Retinoids show anti-tumour activity on various cancer cells and thus have been used as important therapeutic agents. However, adverse side effects and retinoic acid (RA) resistance limit its further development.

In vitro: Previous study reported the identification of luffariellolide, a natural marine product activating RA receptors (RARs) with a chemical structure distinct from retinoids by high-throughput screening. Luffariellolide was found to be a novel RAR agonist via inducing co-activator binding to RA receptors, further inhibiting cell growth and regulating RAR target genes in various cancer cells [1].

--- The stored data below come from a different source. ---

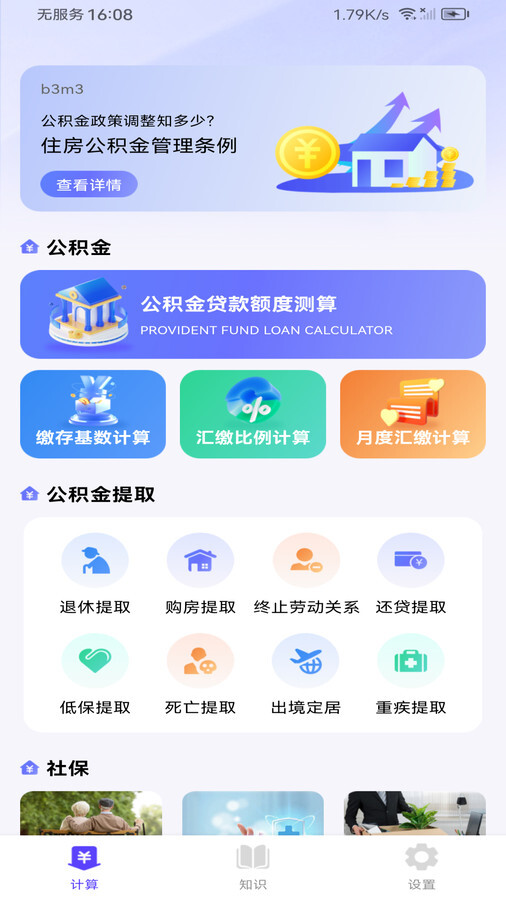 1. 软件安装完成后打开,在首页能够看到缴存基数计算等各类功能。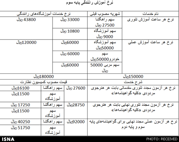 به گفته وی، هر ساعت آموزش عملی رانندگی 15 هزار تومان بود که به 18 هزار تومان افزایش یافته است و هر ساعت آموزش تئوری رانندگی از 3650 تومان شهریه مصوب قبلی به 4380 تومان تغییر قیمت داده است.
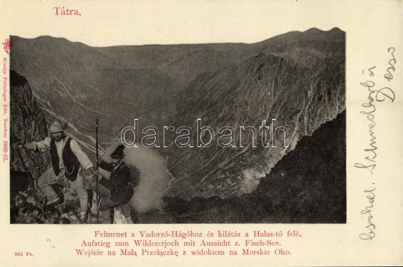 Description: Tátra, Vysoké Tatry; Felmenet a Vadorzó-Hágóhoz és kilátás a Halas-tó felé / Aufstieg zum Wildererjoch mit Aussicht z. Fisch-See / Wejscie na Mala Przelaczke z widokiem na Morskie Oko. Feitzinger Ede 1902-12. 285 Ps.

In vivo: In a previous animal study, paw edema was produced in CD-1 mice by the injection snake venom PLA2 into the hind paw. It was found that luffariellolide and aristolochic acid could reduce the edema but only when coinjected with the PLA2. Similarly, the PAF antagonists, CV-6202 and kadsurenone (coinjected) were also able to reduce the PLA2-induced edema, and high doses of the corticosteroids, dexamethasone and hydrocortisone were also effective [2].

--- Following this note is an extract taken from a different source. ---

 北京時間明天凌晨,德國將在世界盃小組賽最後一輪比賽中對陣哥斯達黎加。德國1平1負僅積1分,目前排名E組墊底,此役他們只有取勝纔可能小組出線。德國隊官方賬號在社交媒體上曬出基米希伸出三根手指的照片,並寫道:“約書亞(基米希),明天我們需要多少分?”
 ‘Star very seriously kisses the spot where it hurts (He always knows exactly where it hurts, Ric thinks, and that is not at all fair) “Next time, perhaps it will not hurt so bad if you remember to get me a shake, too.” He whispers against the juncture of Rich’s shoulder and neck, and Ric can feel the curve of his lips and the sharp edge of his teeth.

Clinical trial: So far, no clinical study has been conducted.

References:
[1] Wang S, Wang Z, Lin S, Zheng W, Wang R, Jin S, Chen J, Jin L, Li Y.  Revealing a natural marine product as a novel agonist for retinoic acid receptors with a unique binding mode and inhibitory effects on cancer cells. Biochem J. 2012 Aug 15;446(1):79-87.
[2] Calhoun, W. ,Yu, J.,Sung, A., et al. Pharmacologic modulation of D-49 phospholipase A2-induced paw edema in the mouse. Agents and Actions 27, 418-421 (1989).